Redefining and Simplifying Network Security
Constantly changing application environments make network security more complex. Modern continuous integration and continuous delivery (CI/CD) applications necessitate tighter coordination among developers, security, and network teams to ensure application environments and workloads are secure, firewalls are appropriately configured, and policies are integrated. Otherwise, vulnerabilities and misconfigurations in these constantly changing environments leave doors open for potential threat actors. Redefining and simplifying network security, Cisco today announced:
- Industry-first Integrated Network and Workload Security: Cisco Secure Workload dynamically informs Cisco Secure Firewall of required policy changes and provides comprehensive visibility and control, no matter where applications are located.

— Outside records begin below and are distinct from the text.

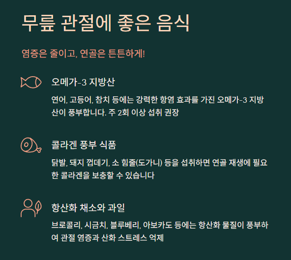 무릎 관절 건강을 지키는 식단의 핵심은 **‘염증 감소’**와 **‘연골 강화’**입니다. 다음과 같은 식품들을 꾸준히 섭취하면 무릎 통증 완화와 관절 기능 유지에 큰 도움이 됩니다.
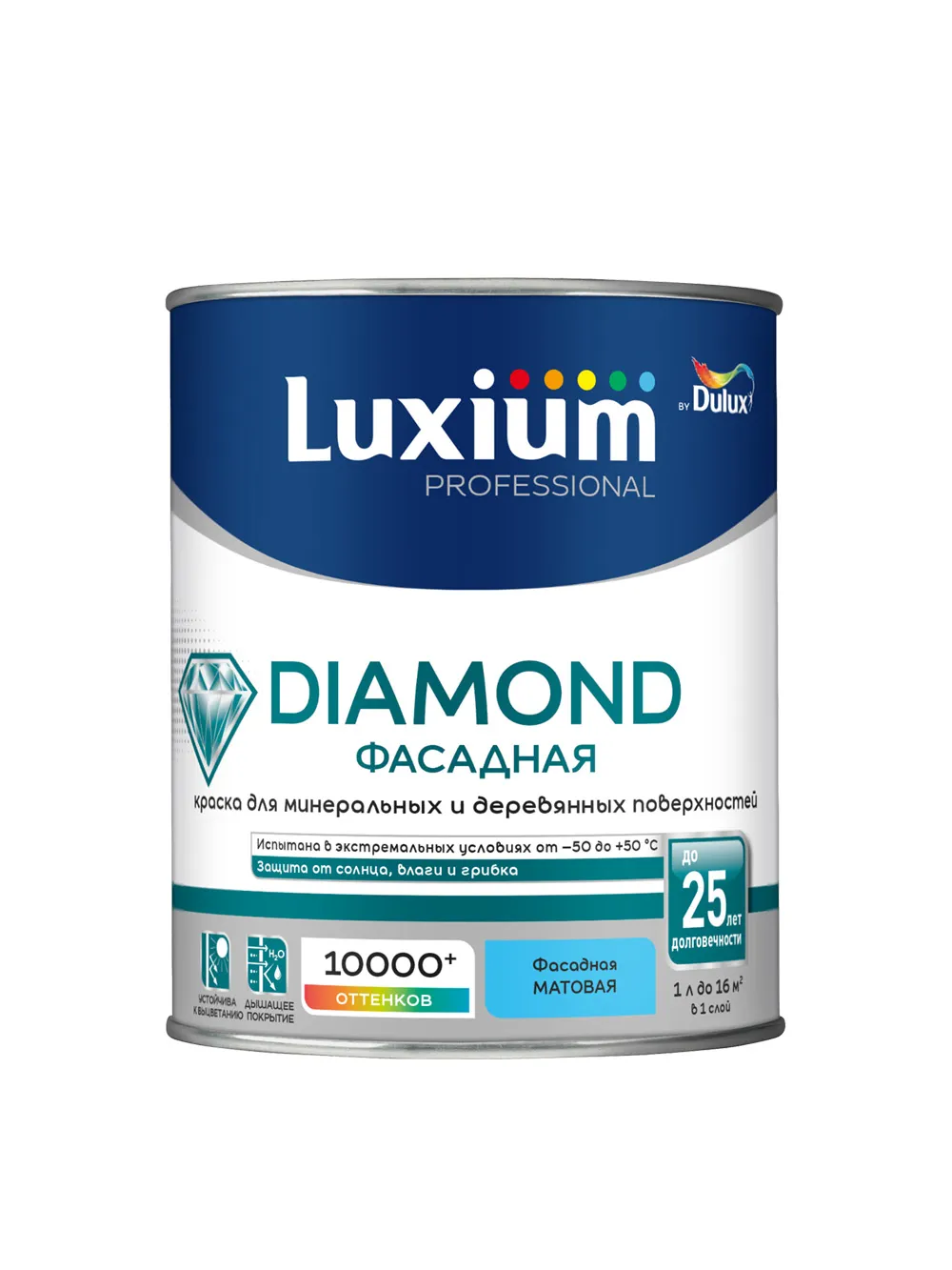 Краска фасадная для минеральных и деревянных поверхностей Luxium Professional Diamond гладкая матовая база BC 0,9 лБаза
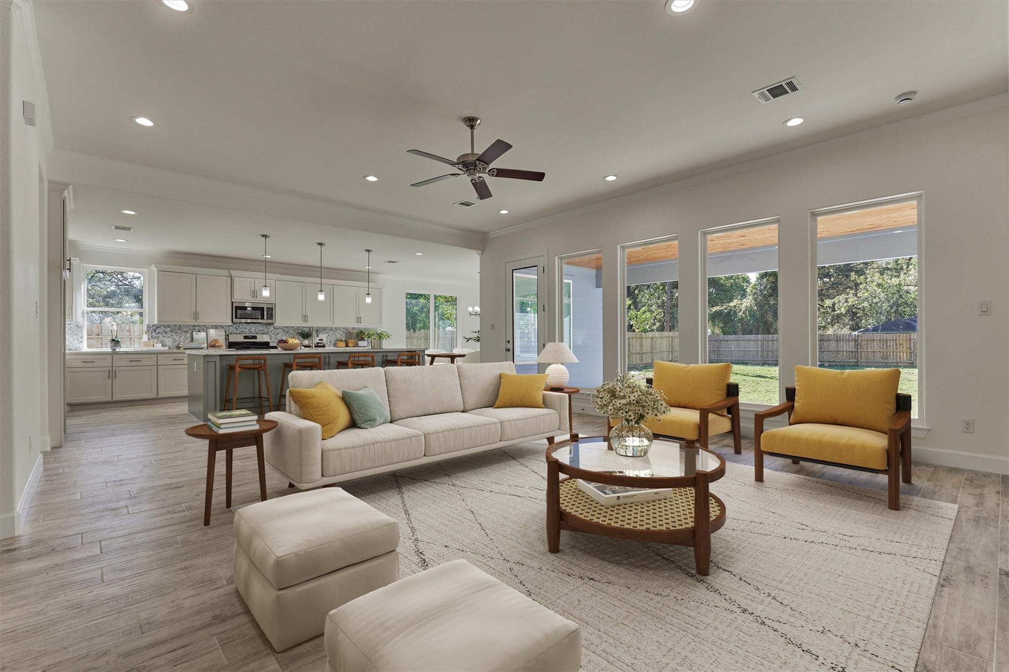 NEVER LIVED IN CUSTOM HOME with all the bells & whistles in this 4 BR/2.5 BTH, new fully fenced backyard, and situated in sought-after Spring Hills community offering larger lots, no HOA, no restrictions, low taxes, excellent schools, and a stone's throw to premier amenities in The Woodlands w/convenient access to major thoroughfares! Designed for modern living, the open-concept layout is flooded w/natural light and features a chef's kitchen with soft-close drawers, pendant lighting, large walk-in pantry, and an oversized island w/bar seating seamlessly flowing into the den & dining rm w/expansive wdws overlooking a backyard oasis with well-appointed covered patio w/cedar-lined ceiling for year-round living at its finest! Secluded owner's retreat features a spa-like bath w/modern finishes + dual walk-in closets w/built-ins. Secondary BRs are versatile for guests, hobbies, home ofc + 1/2 bath for guests! Savor this tasteful NEW build w/sizeable lot in a prime location in North Houston!
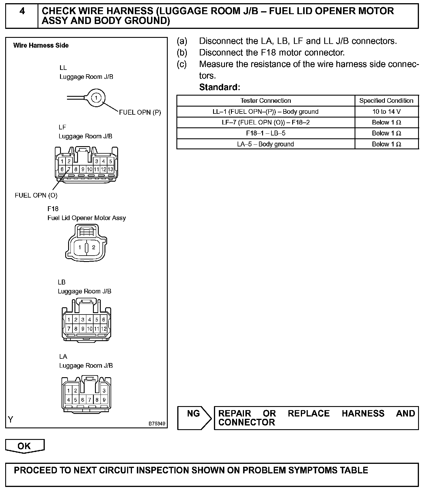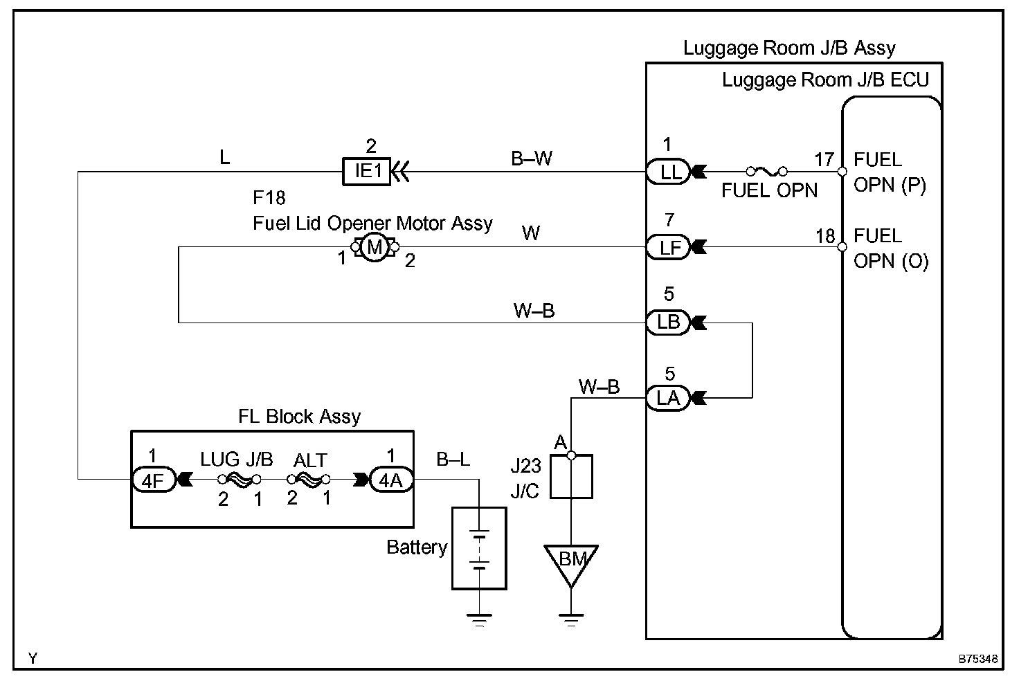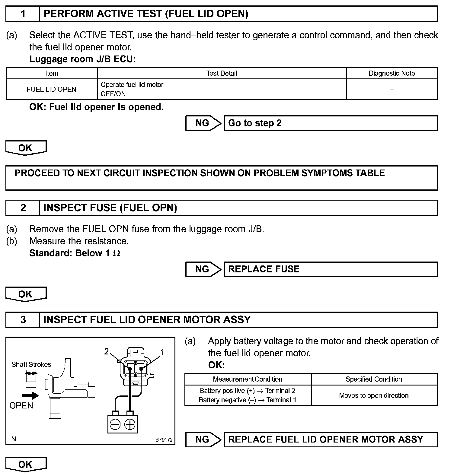 The circuit opens the fuel lid when the ECU sends signals to the fuel lid opener switch.

- Upgraded Threat Defense: Secure Firewall Threat Defense 7.0, delivers better efficacy with Snort 3 IPS, the world-leading threat protection platform which defined next generation intrusion prevention systems (NGIPS). Snort is now deployed across 800K+ Cisco devices, and the open-sourced Snort engine has seen over 8M+ downloads with 750K+ active users. It includes the flexibility to create robust policies in dynamic environments where fixed IP addresses don’t exist, and performance gains up to 30 percent on most appliances. (Snort 3 is also now featured in Cisco SD-WAN powered by Meraki and Umbrella. The addition of the SecureX ribbon to Secure Firewall Management Center also further simplifies detection and response.
- Introducing Cisco Secure Firewall Cloud Native: Purpose-built for Kubernetes environments, Cisco Secure Firewall Cloud Native is developer-friendly, and the most elastic firewall Cisco has ever built.